Cherokee Nation Foundation
- Founded: 1998
- Founder: Shelley Butller-Allen
- Location(s): Tahlequah, Cherokee Nation;
- Region served: United States
- Method: Scholarships, programs

= Cherokee Nation Foundation =

Organization serving the Cherokee Nation, Oklahoma, US

The Cherokee Nation Foundation is an organization serving the Cherokee Nation, a federally recognized tribe of more than 300,000 citizens. Its mission is to provide educational opportunities to Cherokee students so that they can reach their full potential. The Cherokee Nation Foundation is a tax-exempt charitable organization under Section 501(c)(3) of the Internal Revenue Code.

==Board of directors==
The Board of Directors serve a four-year term and are appointed by the Principal Chief of the Cherokee Nation.

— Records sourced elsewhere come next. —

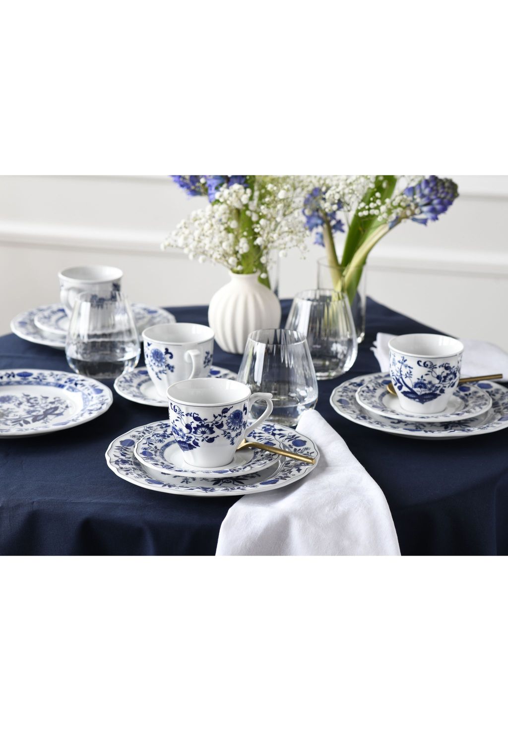 МОДНЫЙ ДИЗАЙН: Посуда украшена классическим луковым узором в романтическом стиле загородного дома.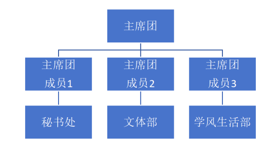 9999js金沙老品牌学生会由主席团、秘书处、学风生活部、文体部四部分组成,总人数不超过30人。主席团成员3名,各部门设1名部长、2名副部长,各部门干事6人。具体架构如下: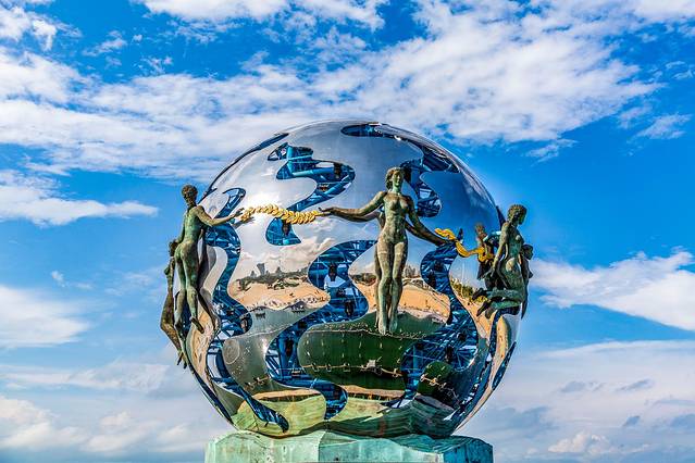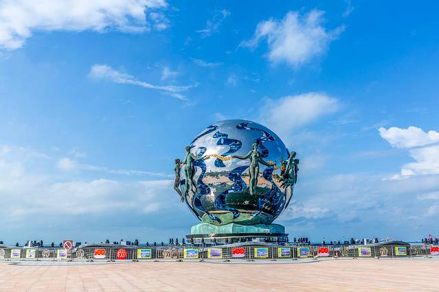 阳光照耀着的潮雕,在蓝天白云的映衬下显得格外的耀眼,这也是来到北海必打卡的目的地之一。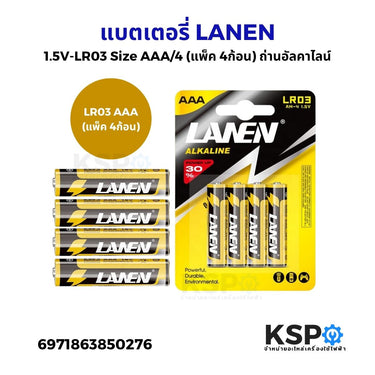 แบตเตอรี่อัลคาไลน์ LANEN 1.5V-LR03 Size AAA/4 (แพ็ค 4ชิ้น) ถ่านอัลคาไลน์ อุปกรณ์แบตเตอรี่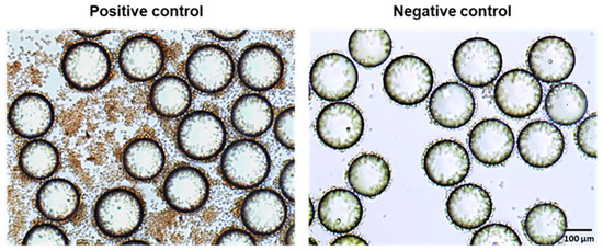First, neutravidin (5 nmol) was reacted with LLP2A-biotin at a 1:2 molar ratio for 20 min. The OB2C beads were then adhered to a 12-well culture plate using 80% dimethylformamide. The mixture of neutravidin and LLP2A-biotin was added to the wells containing the beads. After 20 min of incubation, Jurkat cells (5 × 105) were seeded into the wells and incubated at 37 °C for 20 min. Positive controls involved LLP2A beads incubated with Jurkat cells stimulated using a cell stimulation cocktail (eBioscience, San Diego, CA, USA) containing 50 ng/mL PMA and 1.35 µM ionomycin) in the presence of 5 μg/mL Brefeldin A (eBioscience), while negative controls involved LLP2A beads incubated with Jurkat cells without stimulation. The activation cocktail stimulated protein kinase C (PKC) and increased intracellular calcium, promoting IFN-γ production. Brefeldin A was included during the incubation to block protein transport and prevent cytokine secretion, enhancing intracellular detection. Unbound cells were gently washed off using PBS, and the cell-bound beads were incubated at 37 °C for an additional 24 h. Following the incubation, the cells were fixed with 4% paraformaldehyde for 20 min. For the ICC assay, nonspecific protein binding was blocked by adding 5% BSA, and the cell membrane was permeabilized using 0.5% Triton X-100. Rabbit anti-human IFN-γ (Cell Signaling Technology, Danvers, MA, USA) was used as the primary antibody at a 1:100 dilution in PBS, and the beads were incubated with the primary antibody overnight at 4 °C. After washing with PBS, the beads were incubated with the secondary antibody, a horseradish peroxidase (HRP)-conjugated goat anti-rabbit IgG, for 1 h at room temperature. HRP activity was detected using diaminobenzidine tetrahydrochloride as a substrate for 3 min, according to the manufacturer’s instructions (BioGenex, Fremont, CA, USA). In addition, the significant difference in cell numbers between the positive and negative controls can be attributed to PMA-induced α4β1 integrin expression, which enhances Jurkat cell adhesion and retention during washing in the positive control. In contrast, the absence of PMA in the negative control results in weaker adhesion and greater cell loss during washing, leading to lower cell numbers and reduced IFN-γ detection.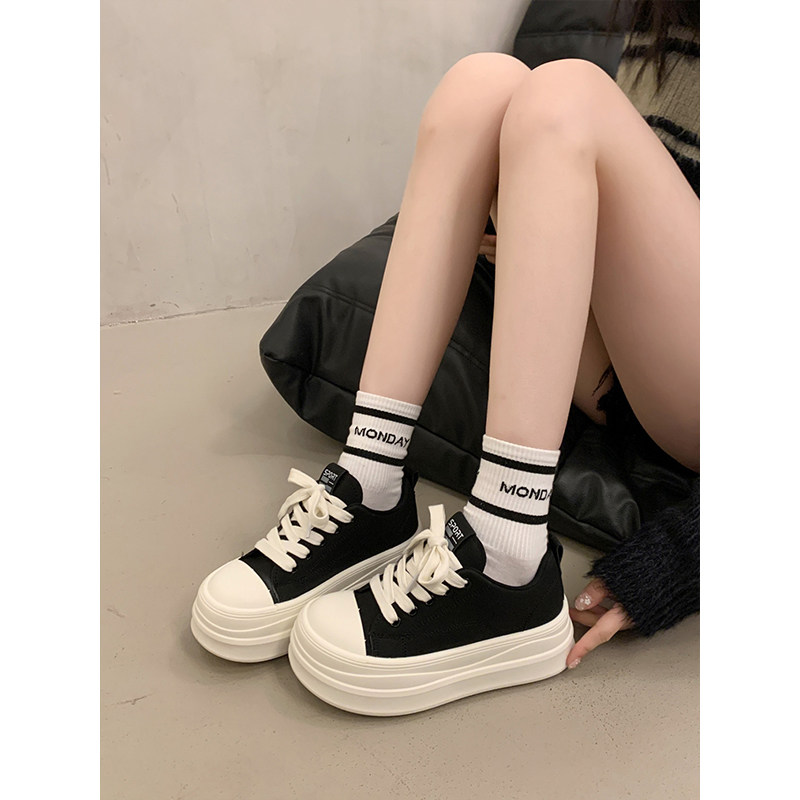 【明星同款】Wander around春秋款黑色厚底增高休闲板鞋男女同款

Susan Chapman Plumb - CEO of Bank of Cherokee County

Tonya Rozell

LeRoy Qualls

Patsi Nixon Smith

Amber George

==Activities==
The Cherokee Nation Foundation provides educational opportunities to Cherokee students so that they can reach their full potential. Programs begin for students as early as elementary school and continue to support students throughout their efforts in higher education.

CNF provides Junior Achievement programming to Cherokee Nation's 14 counties, as well as ACT prep and college readiness courses. They also offer scholarship opportunities and have endowment funds established at Northeastern State University, Oklahoma State University and University of Tulsa.